A friend of mine is getting married today, in a couple of hours, in fact. The question– to bring the kids or not to bring them?
The wedding wasn’t the issue. Both the groom and bride said it’s a child-friendly wedding and they expect lots of kids to be there.
The wedding is in San Diego, California. We live on the East Coast.
Our daughter is 19-months old and our son is 4-years old. Traveling with a preschooler is not a big deal. He’s old enough to know that he needs to be in his seatbelt on the plane, old enough where a movie on the iPad can occupy him and old enough not to spill his drink on the person sitting next to him.
But our daughter is a toddler. When my son was the same age we took a few trips by airplane. Not fun. I’ve been pooped on, thrown up on, had juiced spilled on me and had an unhappy child wailing for hours – all a plane.
So when this trip came up my husband and I debated whether to bring the kids.
My vote was yes. His vote was no.
Despite having the memory of those disaster trips seared in my memory, I still wanted to take our children on the trip. Why? Because I miss them. I work full-time and time with them is very precious.

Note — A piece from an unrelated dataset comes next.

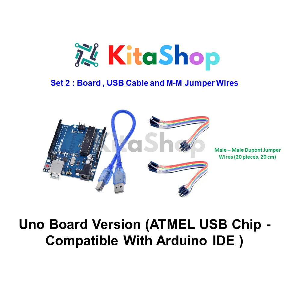 Uno Board Version With USB Cable and Wire Jumpers (ATMEL USB Chip - Compatible With Arduino IDE )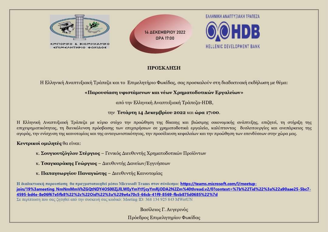 Το Επιμελητήριο Φωκίδας και η Ελληνική Αναπτυξιακή Τράπεζα διοργανώνουν εκδήλωση με θέμα: «Παρουσίαση υφιστάμενων και νέων Χρηματοδοτικών Εργαλείων» Στην εκδήλωση που θα πραγματοποιηθεί διαδικτυακά την Τετάρτη 14 Δεκεμβρίου 2022 και ώρα 17:00

My son has also learned the days of the week. He knows Saturday and Sunday are the days when Mommy and Daddy don’t have to work. So being away on those days – feels just, well, wrong.
My husband has a different take: The kids will be fine. They’re with a trusted member of our family. They won’t have to deal with jet lag, time differences and interrupted naps. But his strongest argument to me was “You need time away and we need more time alone together.”
As a working parent, there is very little down time. It’s a cycle of kids, work, kids, chores, errands, kids, more work, bedtime. Repeat.
It’s something all parents of young kids can relate to- the days of feeling guilty anyway you slice it. I spend time apart from the kids working, I feel guilty. I’m not putting enough hours in at my job, I feel guilty. I neglect my friendships, I feel guilty. And the absolute worse guilt- I take time for myself- I feel big time guilt.
Intuitively, I know everybody needs a break at some point. But it’s still hard being away.
In the end, we decided to take the 3-day vacation without the children.
I’m amazed at how two polar opposite emotions can exist in the same space at the same time- sadness from not being with my kids and euphoria because I’m not with my kids.
I’ve been able to read a book, sit by the pool, go for a run with my husband and go window shopping hand in hand with my husband.
I’m reluctant to say he was right. This is good for us. I still miss my children. But I’m realizing sometimes it’s okay to just give yourself a little break.